RECORD EXCERPTS below:
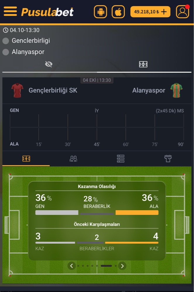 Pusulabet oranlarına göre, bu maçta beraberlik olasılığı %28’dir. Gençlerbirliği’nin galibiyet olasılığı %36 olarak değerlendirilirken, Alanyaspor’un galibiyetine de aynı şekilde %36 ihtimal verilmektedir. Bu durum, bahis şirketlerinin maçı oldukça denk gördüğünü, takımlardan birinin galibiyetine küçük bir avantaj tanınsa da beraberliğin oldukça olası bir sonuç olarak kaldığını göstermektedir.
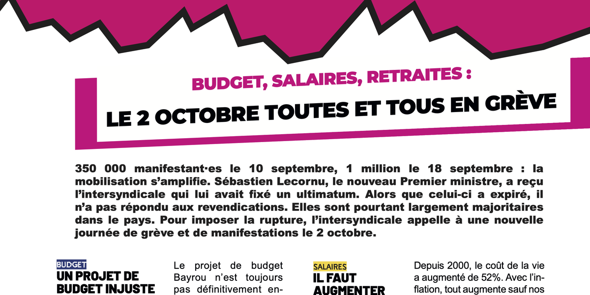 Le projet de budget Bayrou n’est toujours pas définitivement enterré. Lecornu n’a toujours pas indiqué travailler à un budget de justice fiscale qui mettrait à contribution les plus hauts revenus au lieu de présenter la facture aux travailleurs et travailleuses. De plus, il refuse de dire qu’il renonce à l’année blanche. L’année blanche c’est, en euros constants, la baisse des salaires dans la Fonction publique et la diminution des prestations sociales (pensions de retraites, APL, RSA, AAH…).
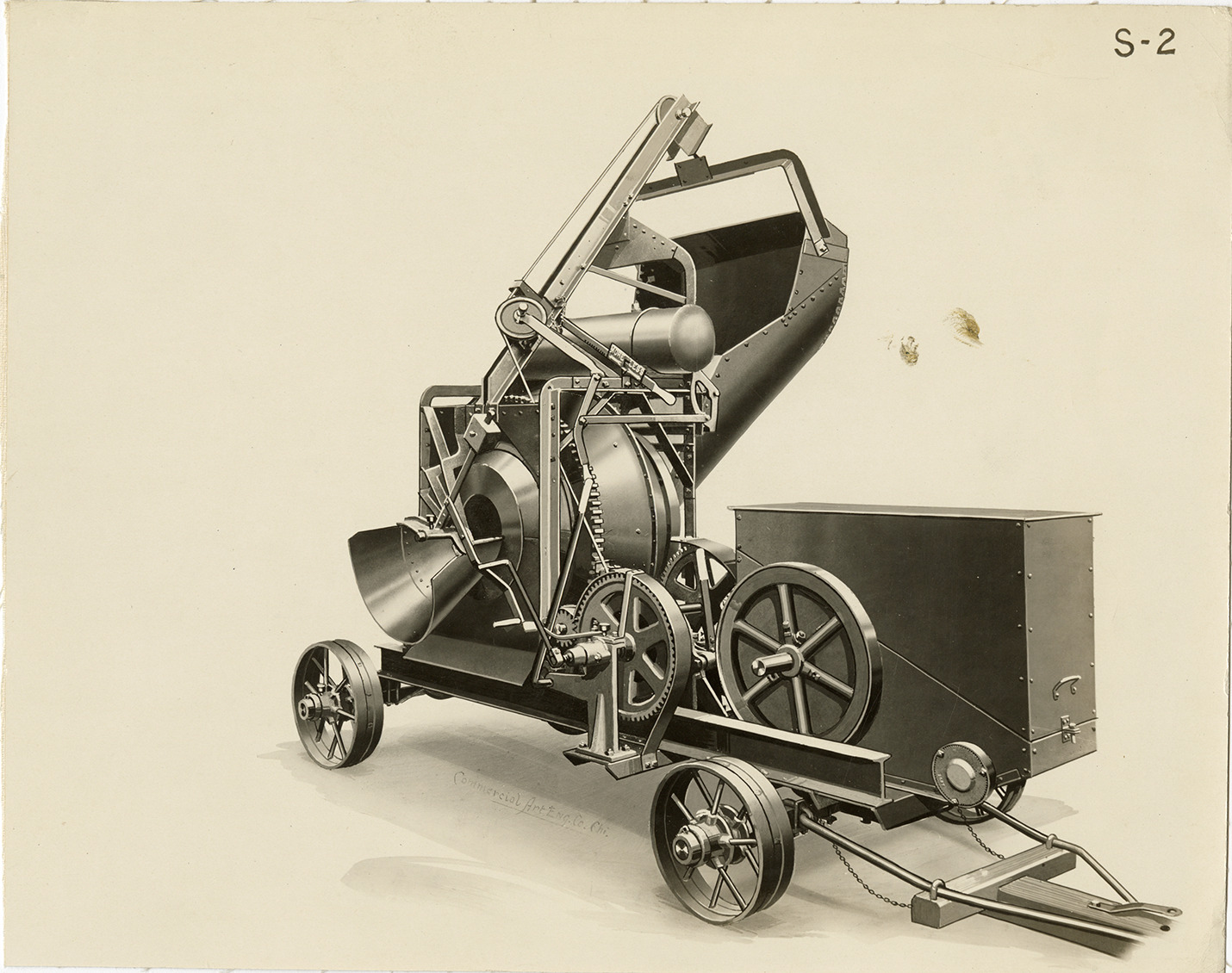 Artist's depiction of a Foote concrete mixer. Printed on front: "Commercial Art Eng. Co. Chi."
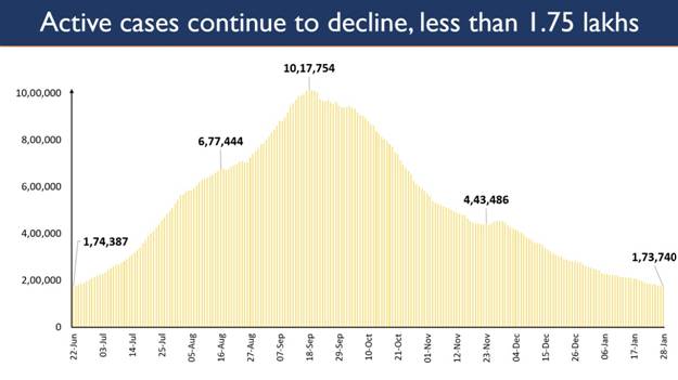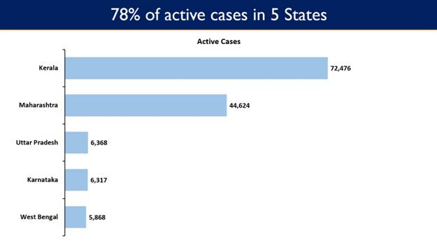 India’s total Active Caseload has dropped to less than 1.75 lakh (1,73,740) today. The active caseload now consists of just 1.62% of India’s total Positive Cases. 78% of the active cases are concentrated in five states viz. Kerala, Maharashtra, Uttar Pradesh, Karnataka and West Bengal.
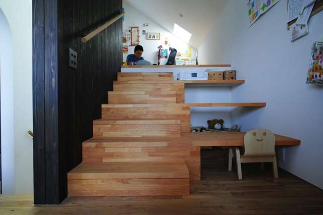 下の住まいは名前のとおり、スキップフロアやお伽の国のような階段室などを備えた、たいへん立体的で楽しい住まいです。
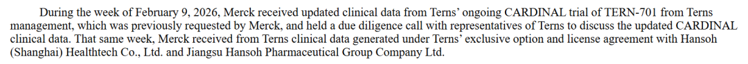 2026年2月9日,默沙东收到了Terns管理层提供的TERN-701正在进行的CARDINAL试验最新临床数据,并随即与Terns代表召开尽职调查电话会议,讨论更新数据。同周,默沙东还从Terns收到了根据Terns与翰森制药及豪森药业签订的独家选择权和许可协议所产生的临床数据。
End of RECORD EXCERPTS.
YOUR TASK » Please retype the listing above word for word, skipping each picture.

SOLUTION TO THIS PROBLEM »
 Pusulabet oranlarına göre, bu maçta beraberlik olasılığı %28’dir. Gençlerbirliği’nin galibiyet olasılığı %36 olarak değerlendirilirken, Alanyaspor’un galibiyetine de aynı şekilde %36 ihtimal verilmektedir. Bu durum, bahis şirketlerinin maçı oldukça denk gördüğünü, takımlardan birinin galibiyetine küçük bir avantaj tanınsa da beraberliğin oldukça olası bir sonuç olarak kaldığını göstermektedir.
 Le projet de budget Bayrou n’est toujours pas définitivement enterré. Lecornu n’a toujours pas indiqué travailler à un budget de justice fiscale qui mettrait à contribution les plus hauts revenus au lieu de présenter la facture aux travailleurs et travailleuses. De plus, il refuse de dire qu’il renonce à l’année blanche. L’année blanche c’est, en euros constants, la baisse des salaires dans la Fonction publique et la diminution des prestations sociales (pensions de retraites, APL, RSA, AAH…).
 Artist's depiction of a Foote concrete mixer. Printed on front: "Commercial Art Eng. Co. Chi."
 India’s total Active Caseload has dropped to less than 1.75 lakh (1,73,740) today. The active caseload now consists of just 1.62% of India’s total Positive Cases. 78% of the active cases are concentrated in five states viz. Kerala, Maharashtra, Uttar Pradesh, Karnataka and West Bengal.
 下の住まいは名前のとおり、スキップフロアやお伽の国のような階段室などを備えた、たいへん立体的で楽しい住まいです。
 2026年2月9日,默沙东收到了Terns管理层提供的TERN-701正在进行的CARDINAL试验最新临床数据,并随即与Terns代表召开尽职调查电话会议,讨论更新数据。同周,默沙东还从Terns收到了根据Terns与翰森制药及豪森药业签订的独家选择权和许可协议所产生的临床数据。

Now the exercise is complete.